By any name, hysteria was and still is the bane of every neurologist's existence. It produces a constant white noise of symptoms and signs, some real and some feigned. Hysterical patients-meaning those whose condition is ultimately classified as "functional," or structurally normal-parade through every major hospital on a daily basis. The manifestations are only a bit less flagrant than in Charcot's time, but they are no less peculiar. There is no objective way to verify what the patient is feeling or of telling whether his or her actions, no matter how extreme, are beyond conscious control. You have to take the person's word for it. Estimates place the proportion of such cases in neurology departments at up to 30 percent. It is a serious and nagging problem for the profession, not to mention for the patients themselves.
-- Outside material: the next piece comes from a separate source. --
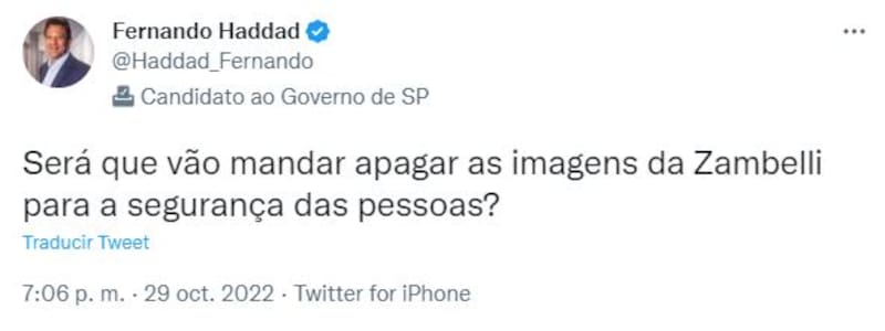 Por el contrario, Fernando Haddad, candidato a la gobernación de São Paulo e integrante del círculo político más cercano de Lula, fue de los primeros en posicionarse en contra: "¿Será que van a mandar a borrar las imágenes de Zambelli para la seguridad de las personas?"
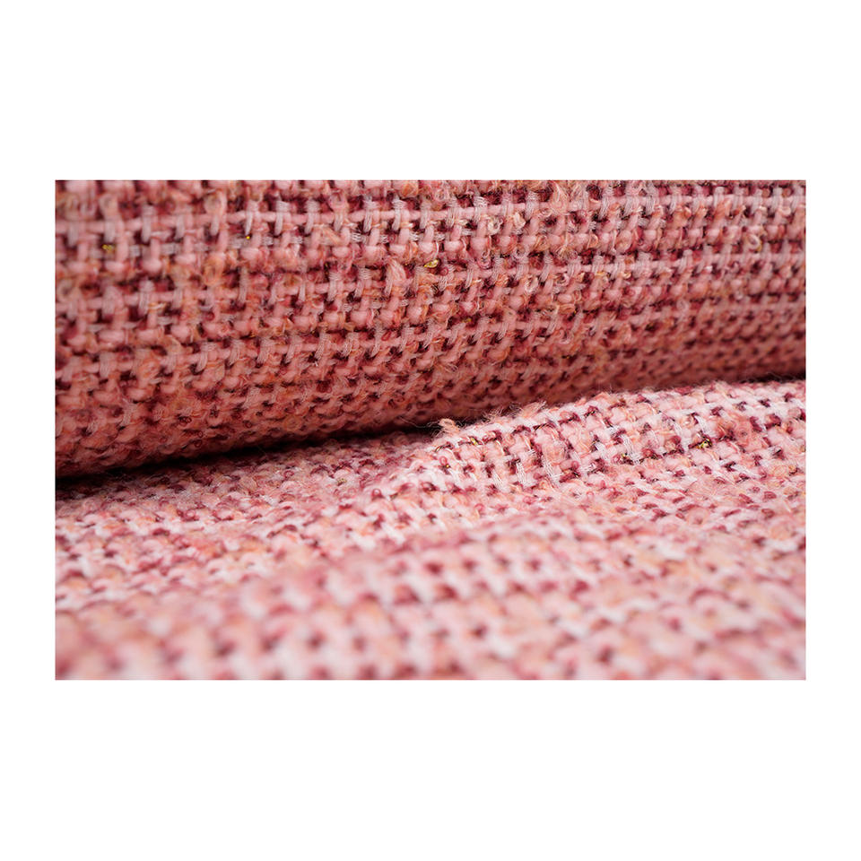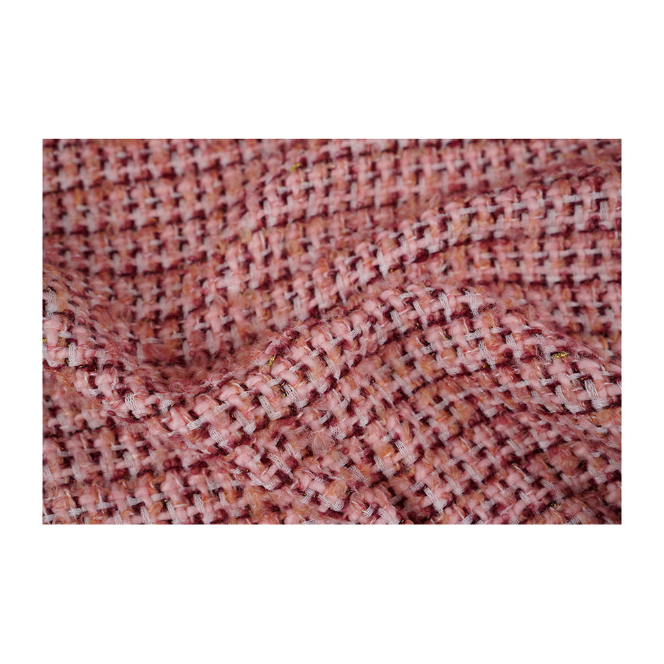 ผ้าทวีดแฟนซีคุณภาพพรีเมียม ผลิตในเกาหลี สีแดงอมชมพูเข้ม ผ้าตาข่ายเมทัลลิกเนื้อสัมผัสแฟนซี รับผลิตแบบ OEM และ ODM ผ้าทอสั่งทำพิเศษ

The word is unfortunate. Hysteria, from the Greek for uterus, shows up as early as the Hippocratic texts of the fifth century bc, reflecting an ancient belief in a wandering womb as the source of many women's health issues. According to the Greeks, the uterus traveled around the body, creating sensations of pressure and unease, especially in the throat, including a feeling of choking and the loss of the ability to speak. Such was the theory, and it established hysteria exclusively as a disease of women. It was a neat explanation, it fit the known facts of the time, it let men off the hook, and it exonerated the brain completely. Its fabulistic limitation and its eventual downfall is its anatomical impossibility.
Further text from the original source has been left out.